Item Fit and Dimensionality The Outfit MNSQ for sMFA was 1.07 and for PROMIS PF CAT was 1.31, indicating that the data from both instruments adequately fit the Rasch model. In terms of dimensionality, the variances explained by the first contrast in residuals were 3.6% for PROMIS PF CAT and 5.4% for sMFA, whereas the eigenvalues of the first contrast were 2.1 for PROMIS PF CAT and 5.5 for sMFA. This provides strong support for unidimensionality for PROMIS PF CAT and fair support for sMFA.

Instrument Precision High instrument precision is indicated by low SEM and the breadth of the precision curve with low SEM. Figure 1 presents the instrument precision curves for sMFA and PROMIS PF CAT. It seems that instruments had similar precision levels across the range of the PF trait. Both instruments had good measurement precision (SEM , 0.33) across a wide range of the trait. At lower end of the trait, both were relatively less precise. We also examined the internal consistency reliability (Cronbach alpha) for the total set of items in sMFA and PROMIS PF CAT. The sMFA was expected to have much higher metric in reliability than the PROMIS PF CAT because it had many more items than PROMIS PF CAT. However, both instruments showed equally high internal consistency reliability of 0.98.
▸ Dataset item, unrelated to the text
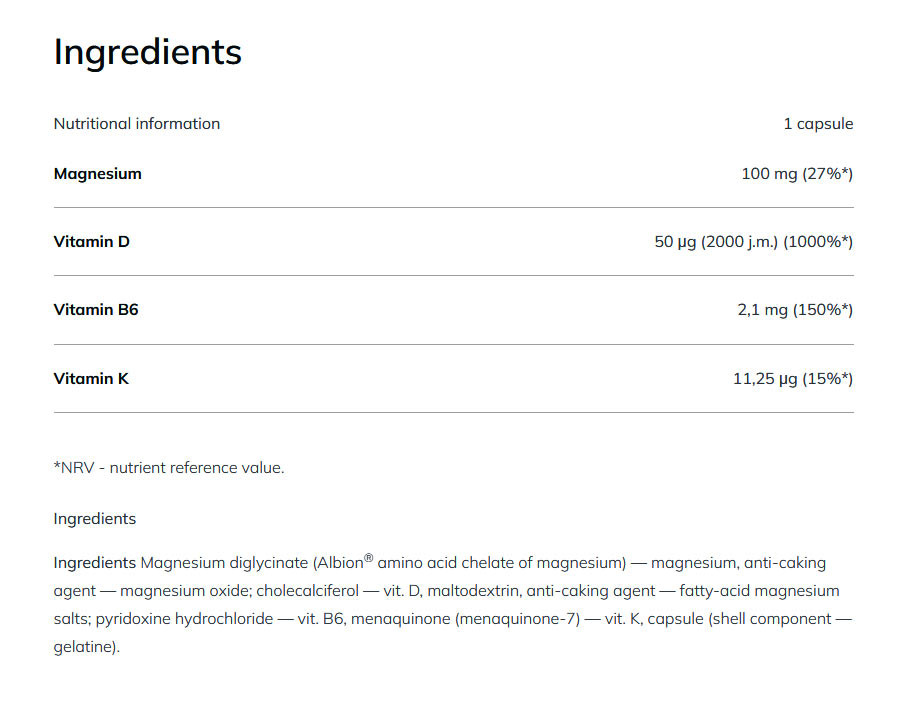 Étrend-kiegészítőként a szervezet magnézium-, D-, B6- és K-vitamin-szükségletének fedezésére.

Instrument Coverage Supplemental Digital Content 1 (http://links.lww. com/BOT/A162) shows the person–item map for sMFA, and Supplemental Digital Content 2 (http://links.lww. com/BOT/A163) shows the map for PROMIS PF CAT. In terms of instrument coverage, neither instrument showed any floor effect; however, the sMFA revealed 14.4% ceiling effect, whereas the PROMIS PF CAT had none. The percentage of ceiling was calculated by taking the number of patients whose average functioning abilities were above the average item difficulty of the most difficult item in the instrument divided by the total number of patients and then multiplied by 100. The results indicate that the PROMIS PF CAT is more reliable than sMFA for measuring patients with a wider range of function, allowing for assessment of treatment effectiveness or improvement of patients’ function. Clinically, this means that among the study population, 14% of patients demonstrated function at too high a level to be adequately differentiated by the sMFA, a limitation not present with the PROMIS PF CAT.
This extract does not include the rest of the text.